Con la transición del 2020 año en el que por cierto ha sido de gran
prueba para la sociedad y la humanidad en entero. Un 2021 que muchos
albergan como la esperanza para el fin de una pandemia, que a decir
verdad continúa aun con todo y las vacunas que empezaron a aplicarse
en México. Y lo que se avizora realmente ¿es el arribo de una nueva
era?
¿A qué me refiero? Los episodios de dolor y angustia debido a la terrible
enfermedad del siglo, así como los efectos adversos en la mente, el
bolsillo, la salud, economía y hasta en la forma de vivir y de morir, las
cosas no podrán volver a ser lo mismo, no para esta generación
sobreviviente al Covid-19 aun con toda la nueva normalidad.
No es una época de cambios, es un cambio de época, parafraseando a
mi amigo Luis Wertam, líder de la Red Nacional de Consejos
Ciudadanos, aguerrido activista que no se cansa de recomendar
abordemos la realidad desde este nuevo contexto de cosas.
Una nueva era, donde el cambio drástico ajustando las reglas de
convivencia e interacción a distancia, el aislamiento social, oficinas
vacías y hogares habitados, con cuidado permanente de nuestra salud
y sin bajar la guardia.
En este cambio de año, marcador para la entrada de esa nueva época
en la que todos a partir de un suceso global que nos ha impactado y
demostrado lo frágil de lo humano, pero al mismo tiempo
convocándonos a adaptarnos a nuevas realidades, donde valoremos lo
simple, lo esencial, ir a lo verdaderamente importante y trascedente
para nosotros y para quienes nos rodean. No perder el tiempo en
superficialidades.
Practicar los valores perdidos, rescatar el humanismo, recuperar la
palabra y el valor de las personas por las personas, teniendo presente
que seres humanos mujeres y hombres podemos reinventarnos,
reconstruirnos y fortalecernos.

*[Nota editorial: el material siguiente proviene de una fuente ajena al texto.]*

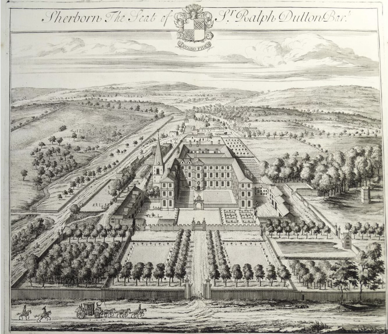 This date is interesting because we have an idea of what Sherborne looked like around that date. In 1709 or 1710 the artist Johannes Kip drew Sherborne House, and the surrounding fields and village to the East.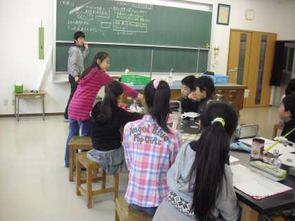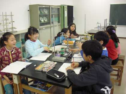 4年生の理科の授業の様子です。水のあたたまり方の実験を行い、どのように水はあたたまるのかを話し合っているところです。自分の予想を立て、実験を行い、確かめます。ある子は、お風呂の沸き方を例に出しながら自分の考え方を述べていました。

Y lo más importante, poder seguir
adelante.
Empresas y proyectos se fueron con el 2020, lo más doloroso las más
de 120 mil personas que tan solo en México oficialmente perecieron por
la pandemia, y este 2021 que apenas comienza no podemos ni
debemos dejar de atender las medidas de prevención en la salud.

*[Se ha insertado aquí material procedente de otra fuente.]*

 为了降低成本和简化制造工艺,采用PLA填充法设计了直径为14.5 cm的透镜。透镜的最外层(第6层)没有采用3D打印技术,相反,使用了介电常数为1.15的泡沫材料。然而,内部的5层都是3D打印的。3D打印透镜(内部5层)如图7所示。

Por ende, los tiempos difíciles, se tornaron álgidos, al punto de quiebre,
desafortunadamente al suicidio que también ha hecho de las suyas,
ante la impotencia de no saber como actuar y qué hacer de algunas
personas ante la afectación en su salud, o en economía, casi o peor aún
que 1929 en Estados Unidos, de las peores crisis se tenga memoria la
humanidad.
Y sin embargo, no podemos dejar de mantener viva la esperanza de
que esta crítica situación de salud pública termine pronto, aunque no
precisamente con el año que se fue, que encendamos la fe que es
poderosa en tiempos de este neo oscurantismo que nos ha tocado vivir
en pleno siglo XXI, pero sobre todo que le demos gracias a Dios por
cada día, por cada momento que nos permite estar de pie.

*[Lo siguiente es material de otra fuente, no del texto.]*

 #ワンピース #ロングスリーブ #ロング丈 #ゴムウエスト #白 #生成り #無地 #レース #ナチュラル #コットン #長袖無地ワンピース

A decir verdad, no es una época de cambios, sino un cambio de época,
por ello desde mi particular forma de ver las cosas, viviendo la transición
hacia una nueva era, donde renaceremos como conjunto, donde
habremos valorado al otro, donde cuidándonos a nosotros mismos,
procuramos también a los otros, y donde haciendo a un lado el egoísmo,
y el recalcitrante materialismo, donde por fin veamos juntos por el bien
común.
Por lo pronto, estimados lectores, les deseo tengan un excelente
arranque 2021, augurándoles bienestar, paz y mucha, mucha salud!!!
La autora es Máster en Derecho Público y doblemente Doctorada Honoris Causa. Abogada,
Catedrática, Escritora y Conferencista. Presidenta de Vive Mejor Ciudadano A.C. Comisionada
Nacional e Internacional de Derechos Humanos.